All of this should prove modestly helpful to Democrats. As Lehman explains, “As Brian Beutler has argued, all the elements are in place for Biden and his Democratic backers to mount a wide-ranging assault on the mobbed-up, pay-to-play model of Trumpian governance….Conveniently, much of this money-driven government makeover is copiously documented in Project 2025, the Heritage Foundation’s blueprint for a second Trump term—and the subject of The Nation’s most recent cover package.”
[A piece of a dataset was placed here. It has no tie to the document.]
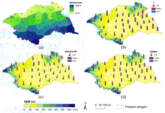 Evaluation results at each individual gauge station in the Huaihe River basin from 2015 to 2017. (a) Annual rainfall of rain gauge; (b–d) r, absolute RB, and RRMSE of 3B42 v7 and IMERG v5 precipitation products.

Democrats still must figure out some easy-to-grasp soundbites to drive home the message that, not only Trump, but the entire G.O.P. has degenerated into a corrupt personality cult. Lehman concludes, “Now that the Biden campaign has finally found the gumption to draw on Trump’s criminal record for its core messaging, it must press home the broader indictment of Trumpian rule as graft by another name. After all, the payments a con man makes are typically far less consequential than the ones he receives.”


Ruy Teixeira Conversation With Josh Kraushaar: ‘Who Will Capture the Center?”

“This week I’m joined by my good friend, Josh Kraushaar. He’s one of America’s keenest political minds and a long-time journalist who is currently the Editor in Chief of Jewish Insider. We discuss developments in the presidential campaign, the ongoing brand challenges of Biden on the economy and energy policy, and explore the impact of recent anti-Israel protests and emerging divisions within the Democratic Party on the Israel-Hamas war.

“We discuss developments in the presidential campaign, the ongoing brand challenges of Biden on the economy and energy policy, and explore the impact of recent anti-Israel protests and emerging divisions within the Democratic Party on the Israel-Hamas war.”

Josh Kraushaar is the author of Axios’ weekly Sunday Sneak Peek newsletter, which focuses on the big-picture forces driving American politics, and he writes a column analyzing the latest political developments for Jewish Insider. He has served as editor-in-chief of the Hotline, where he authored the biweekly Against the Grain column and hosted a weekly podcast featuring the leading lawmakers, political operatives and journalists for candid interviews. He also was co-author of the 2014 Almanac of American Politics. Kraushaar frequently appears as a political analyst on television and radio. He is a Fox News Radio political analyst, providing political commentary across all the network’s platforms.

Ruy Teixeira is senior fellow at the American Enterprise Institute, politics editor of The Liberal Patriot newsletter, author of numerous works of political analysis, and co-author with John B. Judis of “Where Have All the Democrats Gone?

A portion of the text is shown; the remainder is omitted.